Look at the metal tracks on both sides of the door. Cold temperatures cause metal to contract slightly, and that contraction. combined with vibration from the opener. can loosen the bolts that hold the track brackets to the wall. Tighten any loose bolts with a socket wrench. Also check for visible bends or gaps in the track itself. A bent track is a repair job; don't try to hammer it straight yourself.
While you're at it, look at the cables running along the sides of the door. They should be taut and free of fraying. Loose or frayed cables are a sign that the spring system isn't working correctly and that a failure may be coming.
The photo-eye sensors near the floor of your garage opening got a full winter of snow splash, salt spray, and condensation. A dirty sensor lens can cause the door to reverse unexpectedly or refuse to close. Wipe each lens with a soft, dry cloth and check that the indicator light on each sensor is solid (not blinking). Make sure nothing is blocking the beam between the two sensors.
For residents across the river in Everett or over in Somerville who deal with similar road salt conditions, this sensor cleaning step is just as important. salt residue is surprisingly corrosive on sensor housings over time.
There's a clear line between homeowner maintenance and professional repair. Lubrication, visual inspections, sensor cleaning, and bolt tightening are all reasonable DIY tasks. Anything involving springs, cables, or track realignment should be handled by a technician.
If your spring inspection check turns up red flags, or if the balance test shows the door isn't staying put, reach out to schedule a visit before the problem gets worse. Catching a spring issue in spring is a lot better than dealing with a broken spring in January.
You can also browse our full list of garage door services to see what a professional tune-up includes. it covers more ground than most homeowners expect.
Q: How often should I lubricate my garage door?

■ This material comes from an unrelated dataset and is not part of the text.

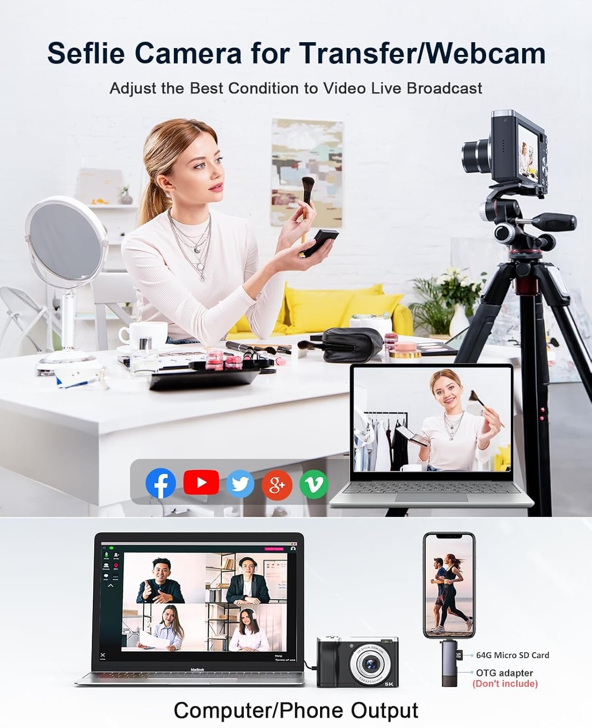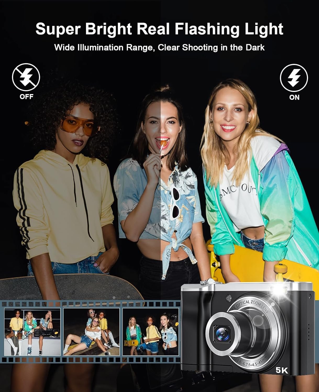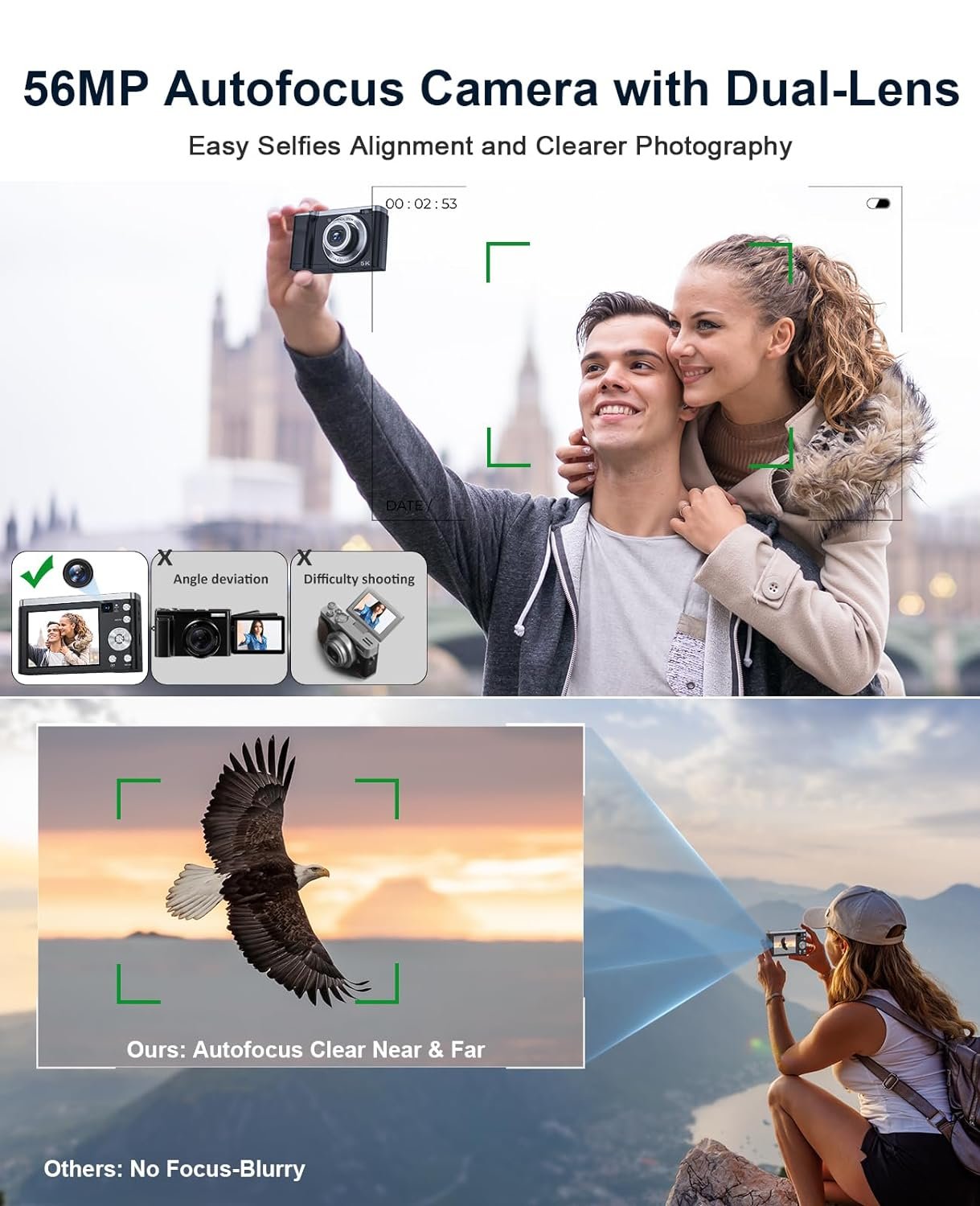 Special feature: 5K Digital Camera with 64G Micro Card 10X Optical Zoom, 56MP Touch Screen Selfie Camera with Front and Rear Lens, Vlogging Cameras for Photography and Video

A: Twice a year is a good baseline. once in the fall before cold weather sets in, and once in the spring after the freeze-thaw season. If your door is particularly noisy or stiff, don't wait; lubricate it as needed.
Q: Can I use WD-40 on my garage door springs and rollers? A: No. WD-40 is a water-displacement solvent, not a long-term lubricant. It can actually attract dirt and dry out over time. Use a silicone-based or lithium-based lubricant specifically designed for garage door hardware.
Q: My door passed the balance test, but it still sounds loud. What's going on? A: Noise without imbalance is usually a lubrication issue or worn rollers. Steel rollers are noisier than nylon rollers, and if yours are original to the house. common in older Malden homes. an upgrade to nylon rollers can make a noticeable difference in noise level.